<<<<

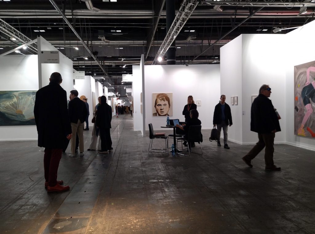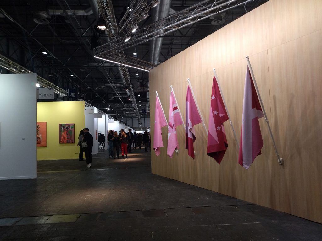 La lunga carta occupa un’intera parete dello stand della galleria Monitor Roma, Lisbona, Pereto (AQ), con quel suo paesaggio astratto “fluttuante” di grande intensità poetica, come del resto lo è l’opera L’Erbario che Montessori ha realizzato nel 1978, tra le acquisizioni a ARCOmadrid 2024 del Museo Nacional Centro de Arte Reina Sofía di Madrid. Due artiste appartenenti a generazioni diverse: entrambe le opere, tra l’altro, sono state già esposte in altri contesti, la prima nel 2021 al Malba – Museo de Arte Latinoamericano Buenos Aires e la seconda nella personale La camera bianca (2020) alla Fondazione Giuliani di Roma. Di rimandi al colore azzurro ce ne sono tantissimi, intercettabili in numerose altre opere d’arte contemporanea tra le centinaia in vendita nelle hall 7 e 9 del complesso fieristico di Ifema Madrid che firma l’organizzazione dell’evento: ci sono i moduli di acciaio inossidabile ed altri materiali in Cirrocumulus Uncinus Fluctus/M+I di Tomás Saraceno (neugerriemschneider, Berlino) ed è azzurra la parete che accoglie l’installazione testuale Around the world di Lawrence Weiner (Cristina Guerra Contemporary Art, Lisbona), così come i cieli della serie Paisajes dipinti ad olio da Daniela Ortiz (Àngels Barcelona, Barcellona) che raffigurano temi legati al razzismo, al patriarcato e all’immigrazione citando anche l’attivista Lolita Lebrón (1919-2010), figura carismatica della scena politica portoricana. Di respiro internazionale, ARCOmadrid con la presenza di 205 gallerie di 36 paesi si conferma come piattaforma di riferimento in Europa per l’arte del Centro e Sud America con ben 38 gallerie, in particolare dall’Argentina, Brasile e Messico e l’organizzazione di una seconda sezione dal titolo Never the same. Latin American art, a cura di Manuela Moscoso e José Esparza Chong Cuy in cui è evidenziato il rapporto con la tradizione e il patrimonio culturale.
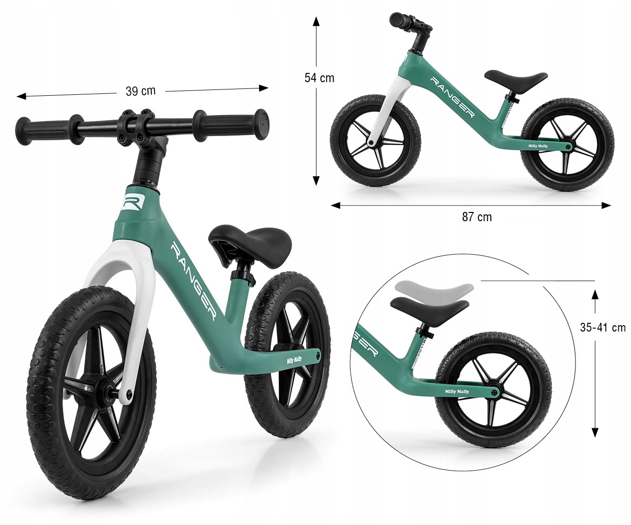 - Регулируемая высота седла (35 - 41 см).
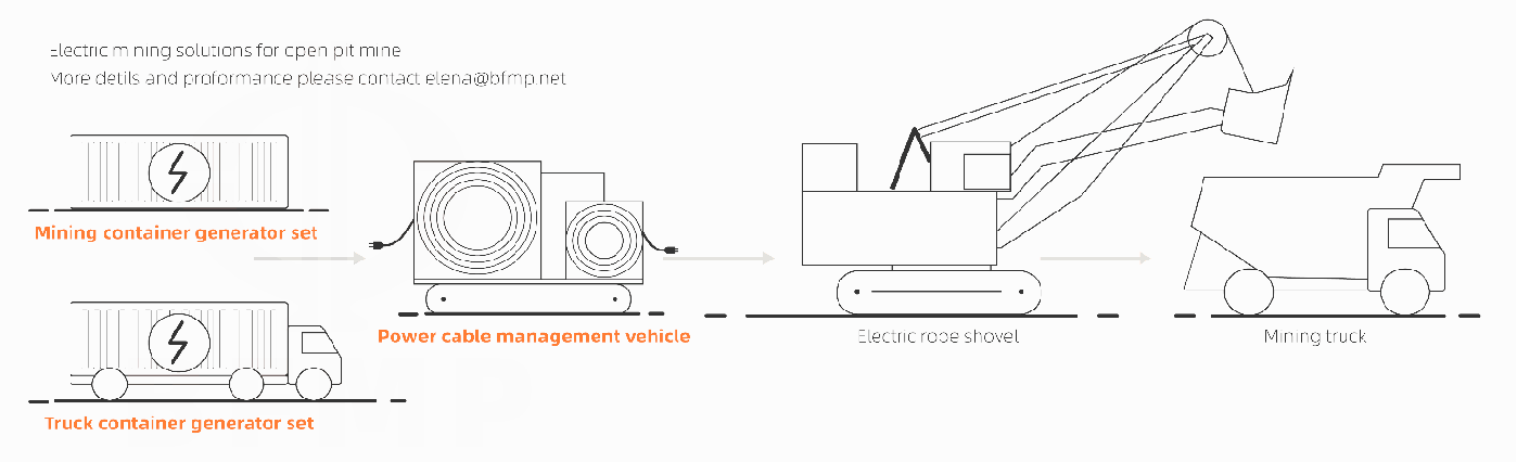 It’s a Sautonomous vehicle automatic follow the rope shovel to manage the trailing cable.
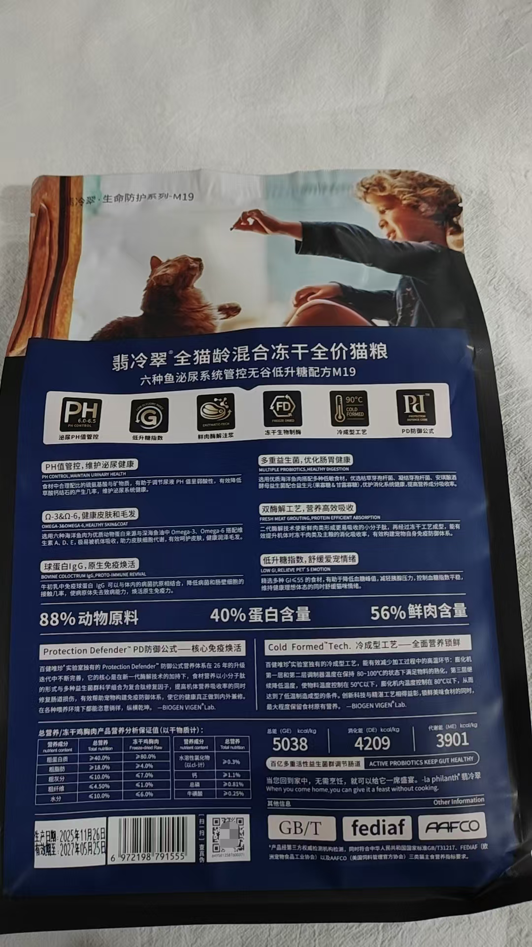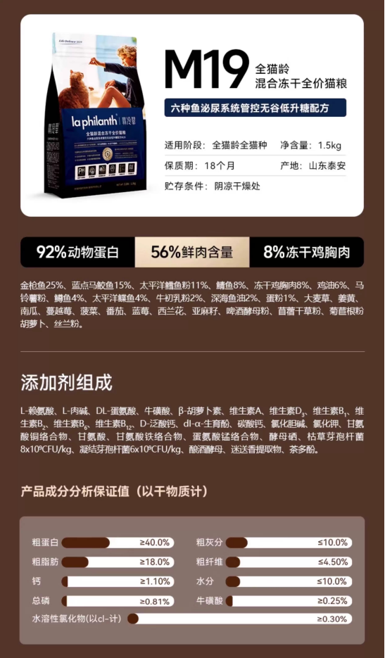 翡冷翠M19六种鱼泌尿猫粮1.5KG翡冷翠生命防护猫粮翡冷翠冻干猫粮小包翡冷翠猫粮成猫幼猫乳鸽无谷全价猫粮1.5kg
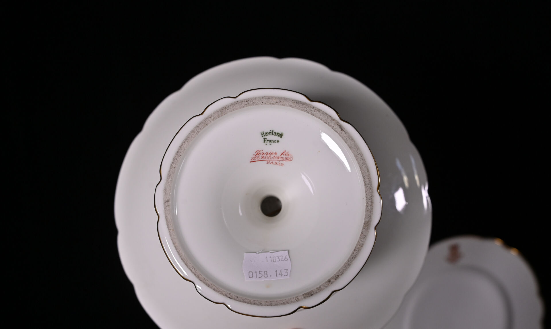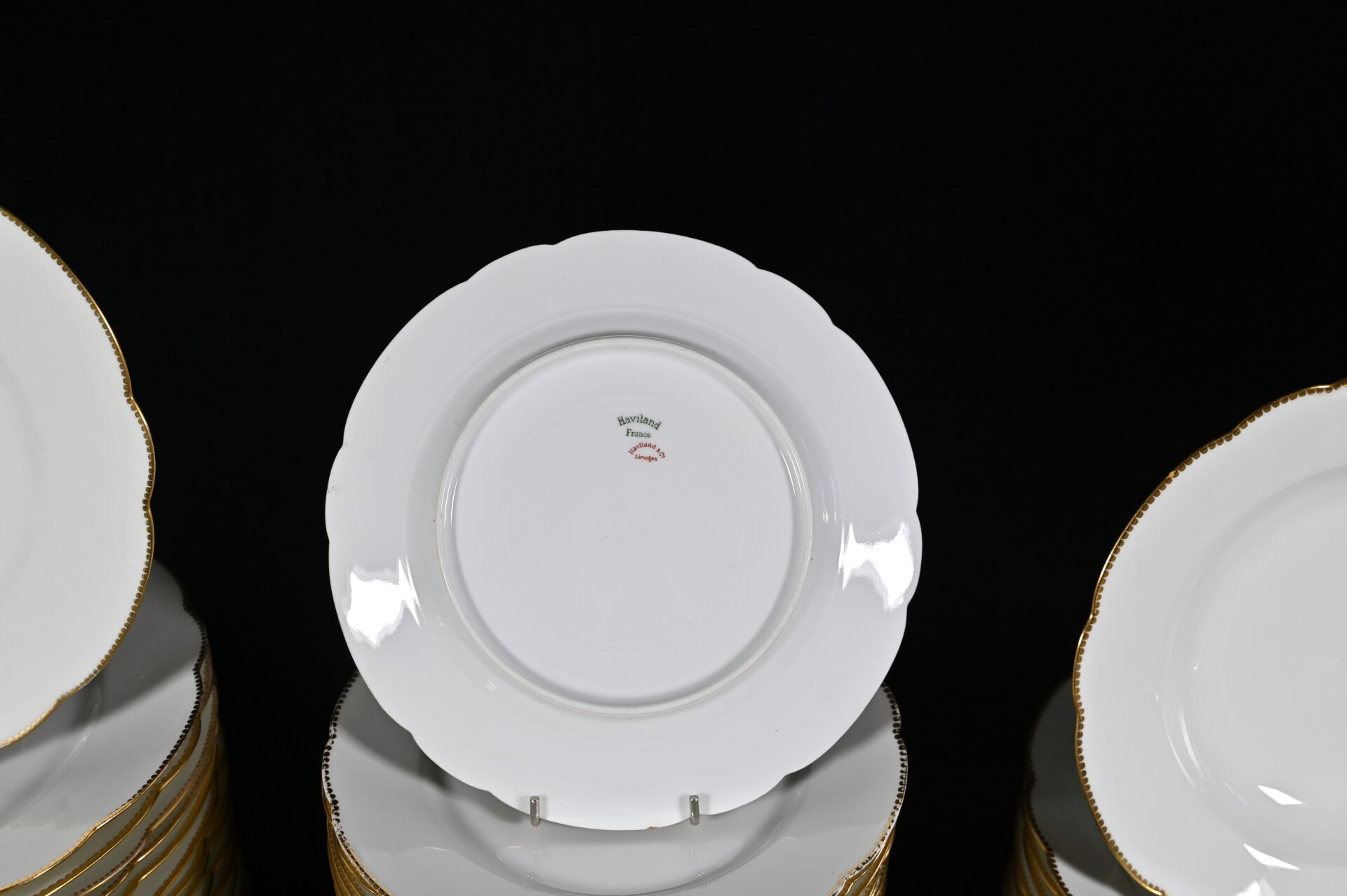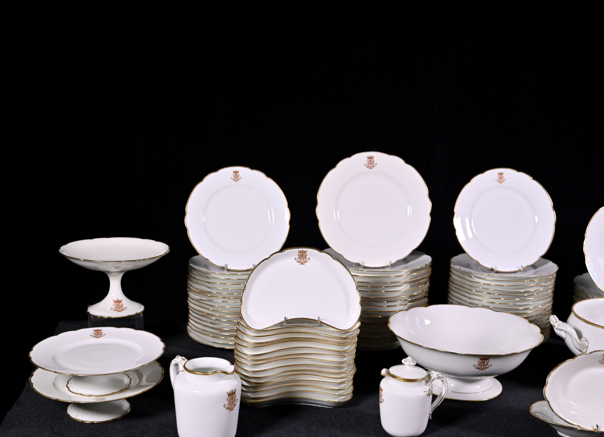 HAVILAND LIMOGES. Partie de service de table en porcelaine blanche à bordure dorée et chiffre sous une couronne de marquis comprenant : 24 assiettes plates, 9 assiettes creuses, 36 assiettes à entremets, 15 assiettes de côté, 1 soupière (sans couvercle), 2 jattes sur pied, 2 plats à tarte, 1 compotier, 2 raviers, 1 saucière à fonds solidaire, 1 pot à lait (sans couvercle) et 1 pot à crème (avec un couvercle) (usures d’usage). Marqué au dessous.

>>>>

• _Task details_:
Copy everything above from the line holding "It’s a Sautonomous" down to the line holding "翡冷翠M19六种鱼泌尿猫粮1", both ends included, exactly as it stands and without the pictures.

• _Finished task_:
 It’s a Sautonomous vehicle automatic follow the rope shovel to manage the trailing cable.
 翡冷翠M19六种鱼泌尿猫粮1.5KG翡冷翠生命防护猫粮翡冷翠冻干猫粮小包翡冷翠猫粮成猫幼猫乳鸽无谷全价猫粮1.5kg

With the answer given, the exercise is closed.